A Contrastive Study of English and Igala Segmental Phonemes: Implications for ESL Teachers and Learners
Keywords:Contrastive study, English, Igala, segment, phoneme, ESL teachers and learners
This paper investigated a contrastive study of English and Igala segmental phonemes: implications for English as a Foreign Language (EFL) teachers and learners. A contrastive analysis is a linguistic tool used in comparing two unrelated languages, and the main objective of it is to bring out the differences in the two languages compared with a view to emphasising on the effects which such differences have on both EFL teachers and learners. This research appealed only to the secondary sources of data, which included the orthographies of both languages under study. The Igala orthography was obtained from the department of Igala Language and Culture, Kogi State College of Education Ankpa, in addition to other material in Igala. The consonant and vowel phonemes of the two languages were placed contiguously in a tabular form and given appropriate heading to be able to observe their level of differences and similarities easily. Then words in which these phonemes occur in the Igala language were supplied and the phonemes indicated.

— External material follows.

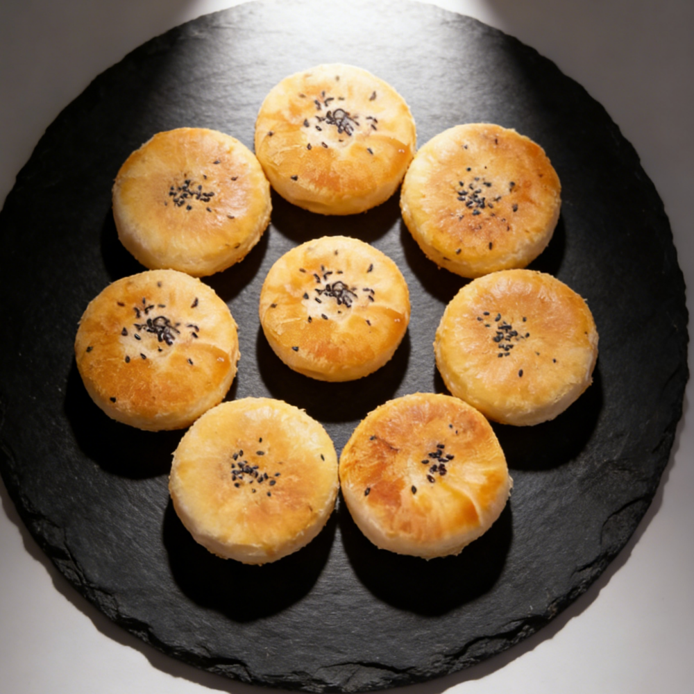 Traditional Chinese style pastry has a distinct outer layer and a crispy and fragile aroma. The filling is carefully stir fried with peeled mung beans, resulting in a dense and sweet taste with a pure bean aroma. After baking, the color is light yellow, the skin and filling blend together, and the aftertaste is sweet and smooth. It is suitable for refreshments, hand gifts or festival Dim sum, especially favored by diners who like classic mungbean flavor, and each mouthful is wrapped with simple and long southern charm.

Some of the findings of this research revealed the following: (i) that the consonant phonemes such as /ð/, /θ/, /s/, /ʃ/, /ʒ/, /v/ and /z/, and the vowel phonemes /ǝ/ and /ʌ/, which are present in English are however absent in Igala, just as /kp/, /gb/, /ny/, /kw/, /gw/ and /nw/ that are present in Igala are absent in English; (ii) English has twelve pure vowels (monophthongs) and eight diphthongs, while Igala has fourteen monophthongs and eleven diphthongs; (iii) that these differences have posed certain teaching and learning difficulties to both EFL teachers and learners who are native speakers of the Igala language; and (iv) that while English has twenty-four consonant phonemes, Igala has twenty-three.